Bimagrumab

Monoclonal antibody
- Type: ?
- Source: Human
- Target: ACVR2B

Clinical data
- Other names: BYM338
- Routes of administration: Intravenous
- ATC code: none;

Identifiers
- CAS Number: 1356922-05-8;
- ChemSpider: none;
- UNII: N15SW1DIV8;
- KEGG: D10620;

Chemical and physical data
- Formula: C_{6306}H_{9732}N_{1684}O_{1990}S_{46}
- Molar mass: 142451.78 g·mol^{−1}

= Bimagrumab =

Chemical compound

Bimagrumab (BYM338) is a human monoclonal antibody first developed by Novartis and currently by Eli Lilly to treat pathological muscle loss and weakness. It binds to and inhibits activin receptor type-2B.

Bimagrumab must be administered intravenously at a hospital or clinic. The medication has a long half-life and is administered once a month.

== Development history ==

Bimagrumab was developed by Novartis, in collaboration with Morphosys. On August 20, 2013, it was announced that bimagrumab had received a breakthrough therapy designation for sporadic inclusion body myositis (sIBM) by the US Food and Drug Administration (FDA).

In 2014, Bimagrumab entered Phase II development, with some research indicating clinical effects.
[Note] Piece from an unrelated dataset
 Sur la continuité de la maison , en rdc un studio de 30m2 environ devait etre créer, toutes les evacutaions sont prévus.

Novartis planned to apply in 2016 for FDA approval to treat sIBM patients with bimagrumab.

In April 2016, Novartis announced that bimagrumab had failed a Phase IIb/III study for sporadic inclusion body myositis. In January 2021, a new study confirmed that treatment with bimagrumab is safe and effective for treating excess adiposity and metabolic disturbances of adult patients with obesity and type 2 diabetes. Novartis then licensed the drug to Versanis Bio, a Medicxi Fund and Atlas Venture-backed startup, who closed a series A financing round to fund a phase II clinical program targeting weight loss in obese patients. In January 2023 Versanis Bio entered the medication into phase IIb trials for obesity. In July 2023, Eli Lilly bought Versanis Bio for their weight loss asset for $1.9 billion.
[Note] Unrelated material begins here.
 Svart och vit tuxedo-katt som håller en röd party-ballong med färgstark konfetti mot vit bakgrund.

In 2025, a phase IIb study was concluded testing bimagrumab in combination with Novo Nordisk's semaglutide, demonstrating that the combination resulted in a greater loss of fat as a percentage of weight compared to semaglutide alone. In September 2025, Eli Lilly terminated a phase IIb study investigating a tirzepatide-bimagrumab combination in obese and type II diabetic patients. As of March 2026, a third phase IIb study of tirzepatide and bimagrumab in combination is ongoing.